Take the foil off of the loaf.  You will notice that the outside has ‘cracked’, so it will be all ridgy and interesting looking.  Brush your olive oil on there.   Now it will be glistening and the smell will be incredible and you will have a hard time not shoving your face into it.  Look at this gratuitous oily crust shot I took for you:

Bow chicka bow wow

Bow chicka bow wow

Put back in the oven and bake uncovered for another 10-15 minutes or until the crust looks…well, crusty.

Oh hey, I wonder where you're going (In my mouth.  The  answer is in my mouth).

Oh hey, I wonder where you’re going (In my mouth. The answer is in my mouth).

Put that GORGEOUS loaf of yours on a cooling rack and, as soon as you can touch it without blistering your fingers, use a good serrated knife to slice it up and use it for things like sammiches, sammiches, sammiches as big as your face:


Aw, Yeaaaah

The crumb is light, the consistency is excellent.   I do recommend having something on hand to drink as you enjoy because, though the bread isn’t dry, it’s chewy and somewhat spongy and will suck all your saliva into it as you eat it.  I bet that just made you super hungry.

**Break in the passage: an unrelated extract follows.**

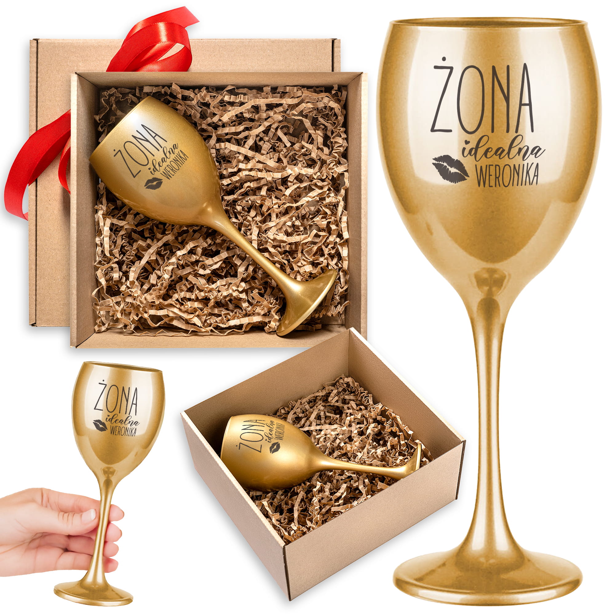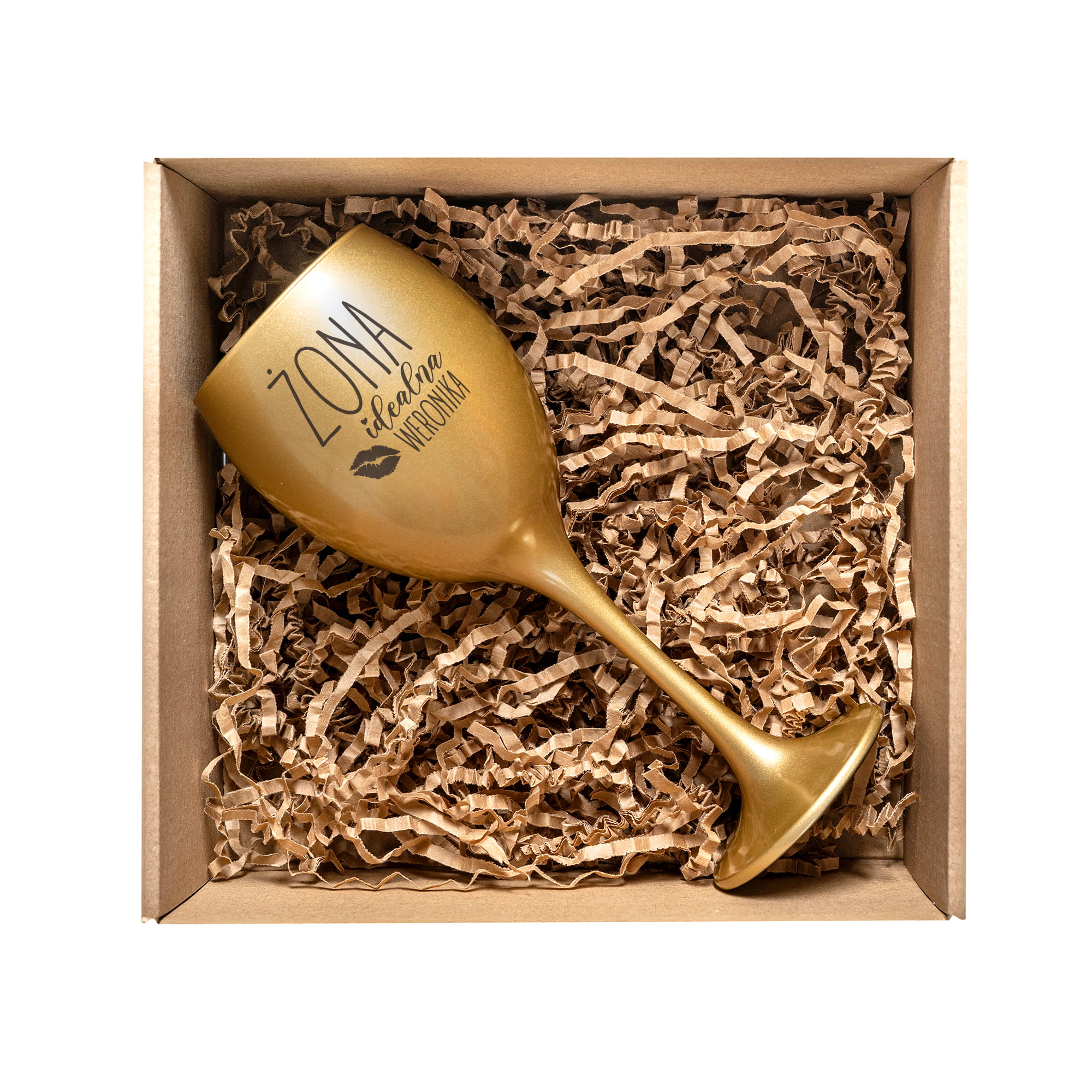 ZŁOTY KIELISZEK DO WINA Z GRAWEREM - ZESTAW PREZENTOWY DLA NIEJ - KIELISZEK Z IMIENIEM

The wait was worth it for me, and it will be for you.  While you stuff your face with that full-figured French bread, use your free hand to pat yourself on the back for all your hard work and patience.  You totally exercised a virtue, which is very special, and I’m pretty sure means you can skip Zumba for the next week.

*For heartier bread, use 3 cups wheat flour and 3 cups white flour – that’s what I did because I was almost out of white flour.  I’m really good at thinking ahead.